Lisa Su, PDG d’AMD, a vanté le MI300X, le décrivant comme la puce la plus complexe jamais produite par la société. Au total, il contient 153 milliards de transistors, soit bien plus que les 80 milliards du GPU H100 de Nvidia.
Il est également construit à partir de pas moins de 12 chipsets sur un mélange de nœuds de 5 nm et 6 nm en utilisant ce qu’AMD considère comme le packaging le plus avancé au monde. La couche de base de la puce est constituée de quatre grandes matrices d’E/S, dont le cache Infinity, PCIe Gen 5, les interfaces HBM et Infinity Fabric. À cela s’ajoutent huit chipsets d’accélérateur CDNA 3 ou « XCD » pour un total de 1,3 pétaflops de puissance de calcul brute FP16.
De chaque côté de ces matrices empilées se trouvent huit modules de mémoire HBM3 pour un total de 192 Go de mémoire. Alors oui, cette chose est un monstre.
Dans l’ensemble, AMD affirme que le MI300X a 2,4 fois la capacité de mémoire, 1,6 fois la bande passante mémoire et 1,3 fois la puissance de calcul brute du H100 de Nvidia. Dans les tests d’entraînement et d’inférence réels en IA, AMD affirme généralement que le MI300X est environ 1,2 fois plus rapide que le H100.
En réalité, tant que le MI300X est globalement compétitif sur le plan matériel, les détails les plus fins de la comparaison n’ont probablement pas beaucoup d’importance. Parce que le support logiciel sera sans doute plus important. La plate-forme CUDA de Nvidia est jusqu’à présent bien mieux prise en charge que le ROCm d’AMD, ce dernier a donc beaucoup à prouver.
Il convient de noter que Nvidia emploie plus d’ingénieurs logiciels que d’ingénieurs matériels, ce qui en dit long sur les domaines dans lesquels Nvidia accorde de la valeur et de l’importance.
Cela dit, AMD a souligné que son avantage en termes de capacité de mémoire signifie que vous pouvez faire beaucoup plus de MI300X que le H100 de Nvidia. Un nœud de serveur entièrement constitué de huit MI300X fournit 1,5 To de mémoire aux 640 Go du nœud Nvidia H100 GHX équivalent.
Il reste à voir quel sera le succès du MI300X. Bien qu’il soit évidemment prometteur de voir Microsoft, Meta et OpenAI soutenir le grand lancement de l’IA d’AMD, nous ne savons pas quelles puces ils achèteront réellement.
Comme nous l’avons signalé, on estime que Microsoft a acheté à lui seul pour 5 milliards de livres sterling de GPU Nvidia H100 au cours du dernier trimestre terminé.

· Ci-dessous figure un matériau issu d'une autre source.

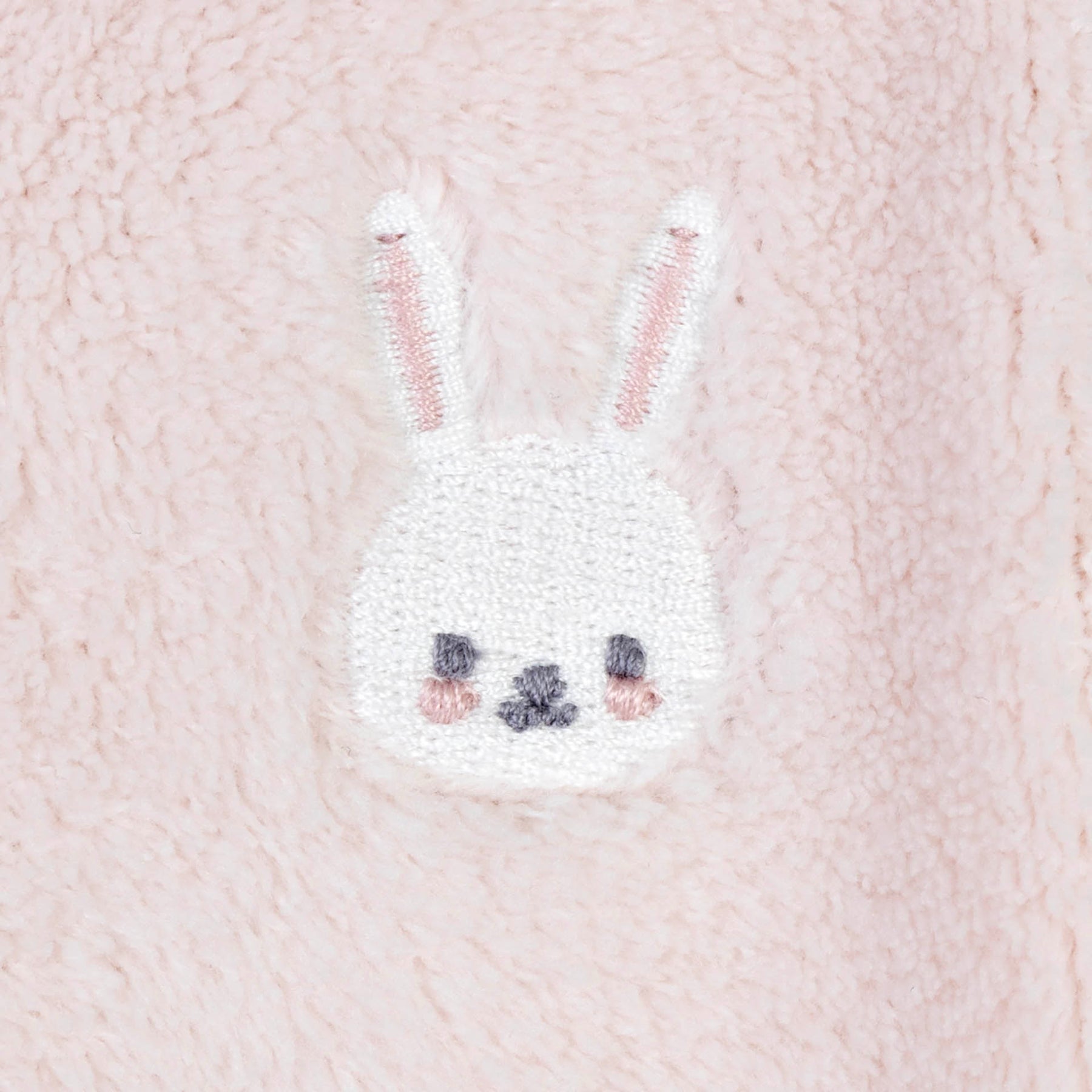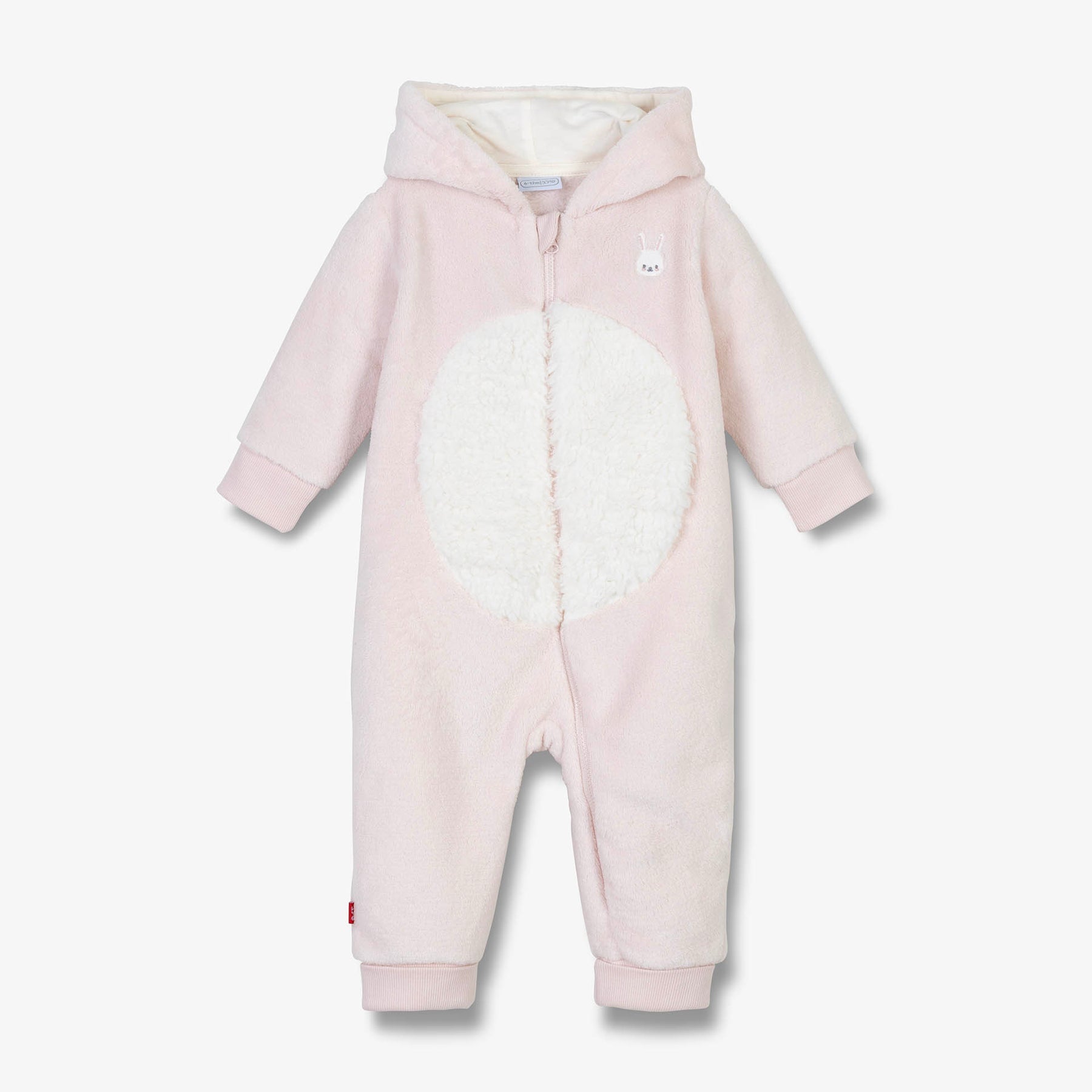 אוברול ואנזי ארוך עם כובע קפוצ'ון בדמות ארנבת. האוברול בצבע ורוד ועם סגירת רוכסן.

Ce qui ne ressort pas clairement de cet événement, c’est si des entreprises comme Microsoft envisagent de dépenser des milliards avec AMD ou si leur implication à ce stade consiste autant à maintenir Nvidia en alerte avec l’apparence d’une volonté d’acheter un produit concurrent qu’à réellement le faire. acheter des quantités vraiment importantes du nouveau GPU d’AMD.
De même, AMD se montre très prudent quant à ses prévisions de revenus du MI300X. Mais cela reflète-t-il ses véritables ambitions, ou tente-t-il de réduire les attentes à un niveau bas, puis de les dépasser ? Comme toujours, surveillez cet espace.
Ce que tout cela signifie pour les jeux sur PC est tout aussi, sinon plus flou. Si AMD peut gagner beaucoup d’argent avec les puces IA, cela le place en théorie dans une meilleure position pour investir dans la technologie GPU de jeu. D’un autre côté, cela pourrait également détourner l’attention d’AMD et même son accès aux capacités de fabrication de pointe de son principal partenaire fondeur TSMC.
Tout cela signifie que nous devrons simplement attendre et voir comment cela se déroulera. En général, nous pensons que les bons résultats d’AMD en matière d’IA seront une bonne chose pour les joueurs sur PC si cela permet d’obtenir un AMD plus sain et plus fort. mais il y a également tellement de variables en jeu qu’il est assez difficile d’en être sûr. si vous souhaitez en savoir plus, vous pouvez regarder l’intégralité de l’événement de lancement ici.